• [Exercise details]: Give the listing back in full, exactly as written, with the pictures removed.

━━━━━ Exercise data ━━━━━

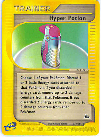 | Type | Trainer | | Pokemon serie | Skyridge | | Stadie | Trainer | | Sjældenhed | Uncommon | | Kortnummer | 127 | | Evne | Choose 1 of your Pokemon. Discard 1 or 2 basic Energy cards attached to that Pokemon. If you discarded 1 Energy card, remove up to 3 damage counters from that Pokemon. If you discarded 2 Energy cards, remove up to 5 damage counters from that Pokemon.
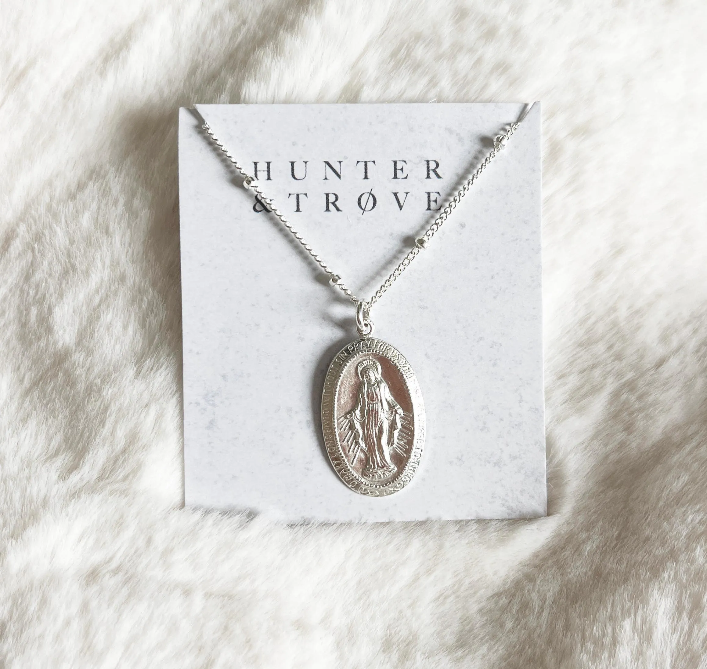 A softly luminous Virgin Mary necklace crafted in sterling silver, designed for everyday wear. Delicate in scale and gentle in movement, it brings a subtle sense of meaning whether worn alone or layered with other pieces.
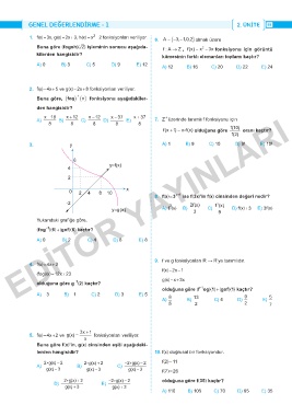 1. f(x) = 3x, g(x) = 2x + 3, h(x) = x - 2 fonksiyonları veriliyor. 6. A = { 3, 1,0,2−− } olmak üzere
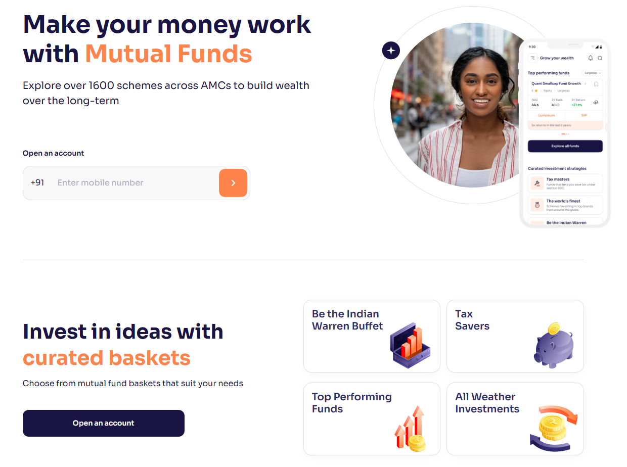 Trade across 5,000+ stocks on NSE and BSE. Both delivery (CNC) and intraday (MIS) trading supported. Portfolio tracking, SIP in stocks, and margin trading facility (MTF) up to 6x leverage on eligible Group I securities (at 18% annual interest rate on borrowed funds).

━━━━━

• [Output for this exercise]:
 | Type | Trainer | | Pokemon serie | Skyridge | | Stadie | Trainer | | Sjældenhed | Uncommon | | Kortnummer | 127 | | Evne | Choose 1 of your Pokemon. Discard 1 or 2 basic Energy cards attached to that Pokemon. If you discarded 1 Energy card, remove up to 3 damage counters from that Pokemon. If you discarded 2 Energy cards, remove up to 5 damage counters from that Pokemon.
 A softly luminous Virgin Mary necklace crafted in sterling silver, designed for everyday wear. Delicate in scale and gentle in movement, it brings a subtle sense of meaning whether worn alone or layered with other pieces.
 1. f(x) = 3x, g(x) = 2x + 3, h(x) = x - 2 fonksiyonları veriliyor. 6. A = { 3, 1,0,2−− } olmak üzere
 Trade across 5,000+ stocks on NSE and BSE. Both delivery (CNC) and intraday (MIS) trading supported. Portfolio tracking, SIP in stocks, and margin trading facility (MTF) up to 6x leverage on eligible Group I securities (at 18% annual interest rate on borrowed funds).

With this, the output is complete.